[Start of section]

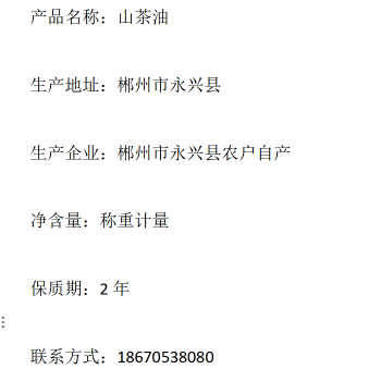 郴州市永兴县山茶油2.5kg
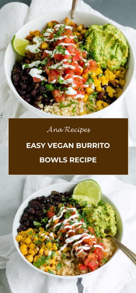Easy vegan burrito bowls packed with black beans, corn, cilantro lime quinoa, and fresh toppings for a quick, healthy, and satisfying meal.
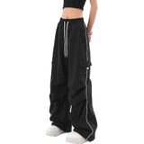 Parachute cargo pants for women are suitable for both men and women to wear. All please check the size chart before purchase. Womens black cargo pants can be hand or machine washed. Please do not bleach, do not wash in hot water, do not tumble dry.
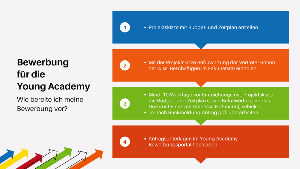 Die Projektförderung der Young Academy soll insb. auch Vorarbeiten für einen Drittmittelantrag ermöglichen.
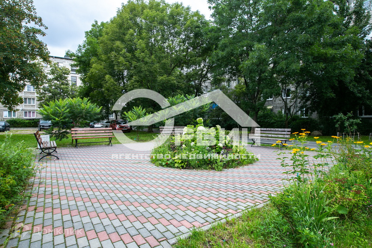 Зеленый уютный двор с красивыми клумбами, деревьями, местами отдыха, новыми тротуарами и парковкой. Квартира на первом этаже, что удобно для людей в возрасте и семей с маленькими детьми. Балкона нет, но в наличии подвал для хранения всего необходимого прямо под квартирой.
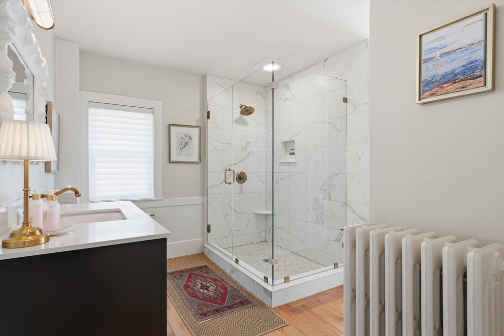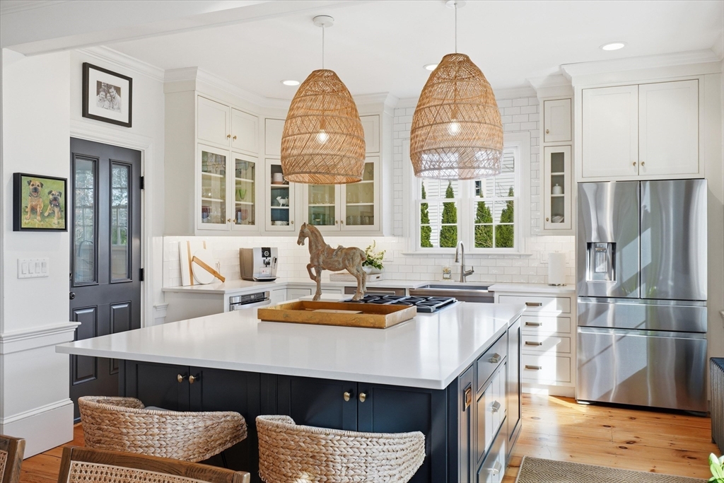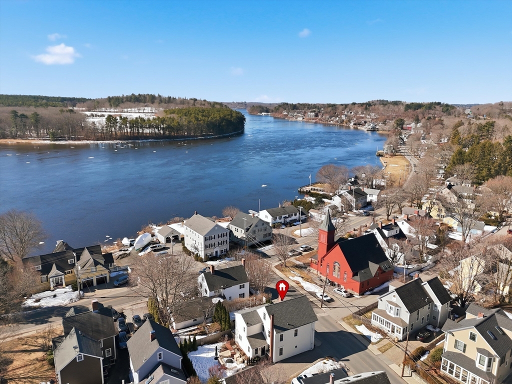 An elegant Greek Revival residence circa 1850, thoughtfully & completely renovated to blend historic charm w modern sophistication. This 3 bdrm home showcases exquisite period details, including wide pine floors, original moldings, & soaring ceilings, creating a timeless & dramatic living environment. At the heart of the home is a stunning chef’s kitchen, designed for both beauty & function, premier appliances, custom cabinetry & and expansive island perfect for entertaining. The gracious living rm offers a wood burning fireplace. Enjoy a seamless connection to the outdoors w a delightful 3-seasoned porch, offering serene seasonal views of the Merrimack River. Prof landscaped grounds provide a private retreat, complete with an intimate patio, elegant pergola, & an irrigation system. Located just steps from Alliance Park, a luxury marina and restaurant, the Lowell Boat Shop and minutes from downtown Newburyport. A rare offering where historic elegance meets modern luxury.
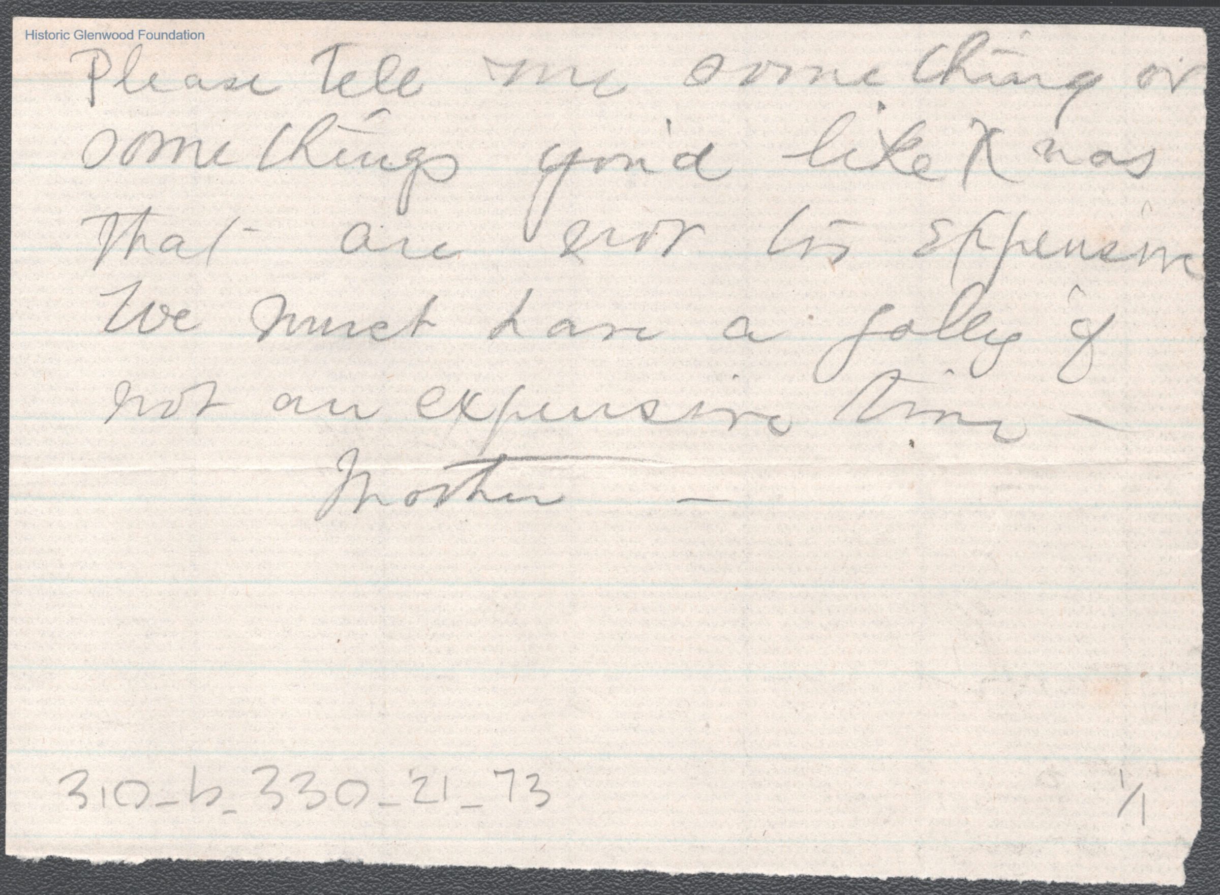 Single page note to George W. Summers from his mother Lucy W. Summers, no date.
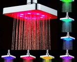 6 Inch Square 7 Colors Changing LED Shower Head Bathroom Rainfall Spray Heads
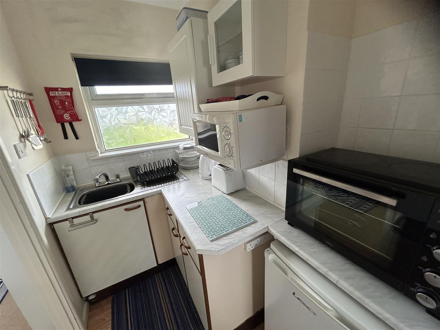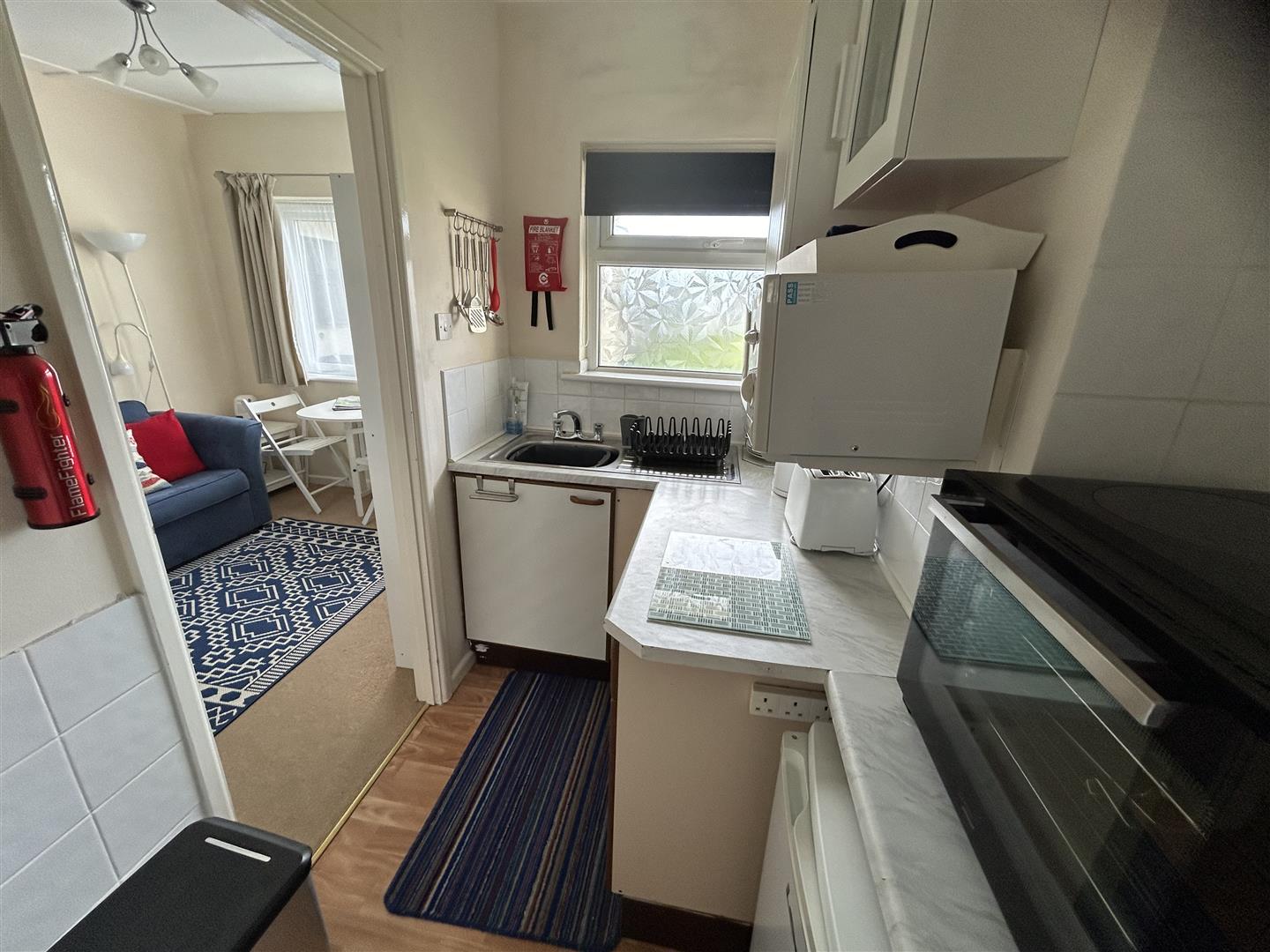 Kitchen - 2.03m x 1.30m (plus recess) (6'8" x 4'3" (plus rec - Comprising a fitted kitchen with working top surfaces incorporating a sink with drainer and mixer tap over with white tiled splashbacks (with attractive seashell feature tiles). There are a range of base units with drawers and cupboards under (one containing the water heater), space for a fridge/freezer, shelf suitable for a microwave and wall units with cupboards (one with display shelf). There is wood effect vinyl flooring, a corner unit with shelving, a spotlighting arrangement, part tiling to the walls, an obscure glazed window to the front aspect and a concertina door to

[End of section]

Beginning with the first line of the records above, extract each line exactly through the line that holds "Die Projektförderung der", both ends included. Omit pictures.

▸ **Expected output**
 郴州市永兴县山茶油2.5kg
Easy vegan burrito bowls packed with black beans, corn, cilantro lime quinoa, and fresh toppings for a quick, healthy, and satisfying meal.
 Parachute cargo pants for women are suitable for both men and women to wear. All please check the size chart before purchase. Womens black cargo pants can be hand or machine washed. Please do not bleach, do not wash in hot water, do not tumble dry.
 Die Projektförderung der Young Academy soll insb. auch Vorarbeiten für einen Drittmittelantrag ermöglichen.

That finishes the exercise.